The film closes with Anna M institutionalised and pregnant, feigning normal behaviour, released
and spiralling quickly back into a hellish state. Simple but effective distortion of the image
and impossible additional movement under the bed-sheets terrifies her and she is inexplicably
rescued by a real rare friend, though this and the subsequent pastoral escape would appear to
be an inner fantasy, an imaginary fugue, to which she has been finally lost. A religious painting
hung on the wall of a remote church is recognisable as a favourite image held at home in her room,
stolen from a rare and precious book at work.
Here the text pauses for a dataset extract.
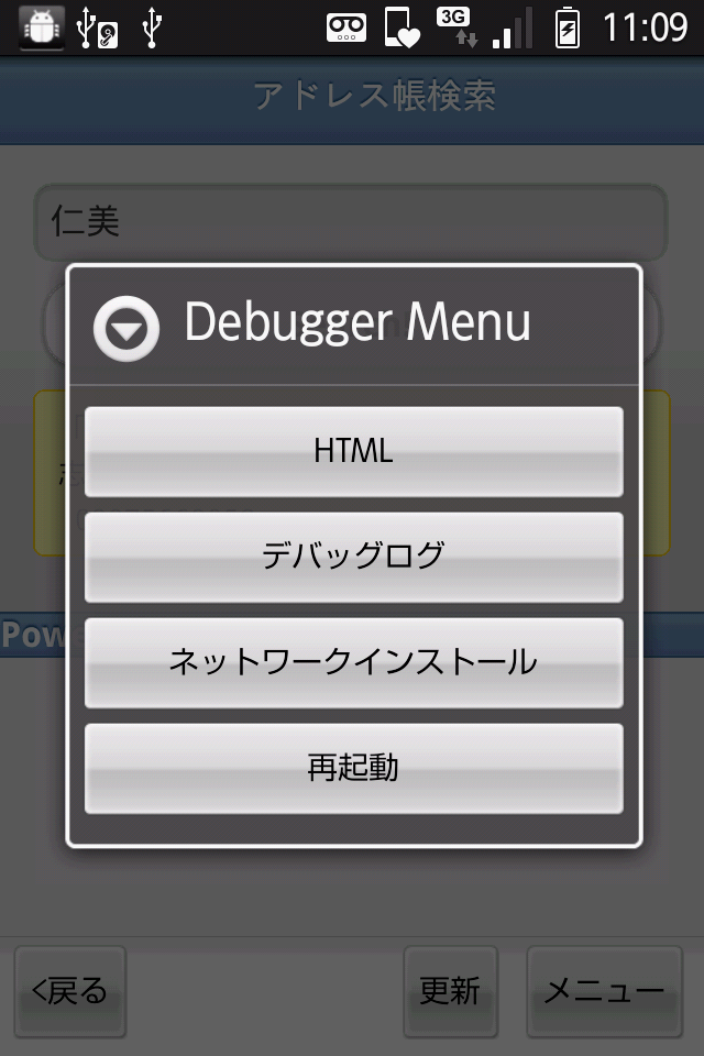 はじめの画面と見比べるとわかりますが、デバッガのメニューが表示されておらず、ネイティブアプリとして動いていることがわかります。

An impressive central performance from Isabelle Carre, Anna M cannot be outrightly abhorred
for a condition she has no control over, though clearly she exhibits the ability to separate
the facts when need be. The conniving nature can, on the downside, easily present Anna M as
a villain to those who do not have first hand experience of neurotic and depressive disorders.
The futility of trying to reason with these disorders is well presented, the sufferer sidestepping
any change of tactic and violently responding when cornered with sensible argument. It is a scary
world in which everyone is a victim.